2 января 1930 года Совнарком СССР утвердил это постановление, а 6 января Малый Совнарком РСФСР уже рассмотрел вопрос о методах дальнейшего «выделения» произведений искусства и реликвий из музейных собраний.
Не сомневаясь в важности и значимости предложения Наркомторга СССР, правительство Российской Федерации утвердило решение, которым юридически обосновывались четыре следующих важных положения.
1. Срочно изъять из музеев необходимые для экспорта художественные произведения на сумму, позволяющую как покрыть задолженность фирме «Рудольф Лепке», так и провести еще несколько аукционов в Берлине.
2. Во избежание вполне возможных конфликтов с сотрудниками музеев окончательную оценку изъятых для экспорта вещей поручить только сотрудникам «Антиквариата».
3. Всю работу завершить не позднее 15 марта 1930 года, – иными словами, за две недели до истечения срока уплаты долга фирме «Рудольф Лепке».
4. Для отбора произведений искусства и проведения всех необходимых экспертных операций образовать особую ударную бригаду из искусствоведов, рекомендованных Главнаукой, а рамки их компетенции оговорить соответствующей инструкцией[123].
Хотя время и подстегивало, а фактическое изъятие из музеев давно уже шло полным ходом, инструкцию сумели подготовить только через месяц, утвердить ее лишь 9 февраля, после формального согласования с новым руководителем Главнауки Лупполом.

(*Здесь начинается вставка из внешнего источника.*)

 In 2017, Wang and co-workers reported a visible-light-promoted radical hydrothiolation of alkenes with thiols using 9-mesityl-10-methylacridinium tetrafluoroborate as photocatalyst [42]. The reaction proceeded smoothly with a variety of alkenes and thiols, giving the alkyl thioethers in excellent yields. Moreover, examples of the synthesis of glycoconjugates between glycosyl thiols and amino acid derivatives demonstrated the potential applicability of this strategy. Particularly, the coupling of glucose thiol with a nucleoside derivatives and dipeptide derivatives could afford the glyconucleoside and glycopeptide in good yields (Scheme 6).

Очередной и весьма пространный документ вменял в обязанность членов бригады:
1. Проверку «решительно всех запасов музеев Наркомпроса… для отбора отдельных музейных экспонатов и даже целых собраний, имеющих экспортное значение.

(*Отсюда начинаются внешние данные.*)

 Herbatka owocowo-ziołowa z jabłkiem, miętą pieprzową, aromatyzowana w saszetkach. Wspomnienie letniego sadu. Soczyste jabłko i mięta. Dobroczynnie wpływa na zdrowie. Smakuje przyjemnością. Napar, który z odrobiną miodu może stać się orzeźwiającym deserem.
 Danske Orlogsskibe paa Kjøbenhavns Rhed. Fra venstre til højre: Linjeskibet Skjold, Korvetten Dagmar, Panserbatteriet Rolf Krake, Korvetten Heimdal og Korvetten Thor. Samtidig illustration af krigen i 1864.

2. В случае, если выделения из музейных запасов не смогут обеспечить выполнения правительственного задания по выделению… отбирать и выделять необходимое количество предметов, находящихся в экспозиции…
8. Работа бригады протекает при участии представителей от ОГПУ, особой части Наркомфина и Наркомата рабоче-крестьянской инспекции…
10. Составленные списки должны считаться согласованными, и перечисленные в них предметы могут немедленно поступать в распоряжение конторы «Антиквариат», а последняя имеет право производить по ним распродажу…
12. Бригада также проверяет и экспозицию музея с точки зрения нахождения в этой экспозиции предметов, не находящихся в органической связи с основными целями и задачами музея, в целях выделения таковых предметов для целей экспорта…»[124]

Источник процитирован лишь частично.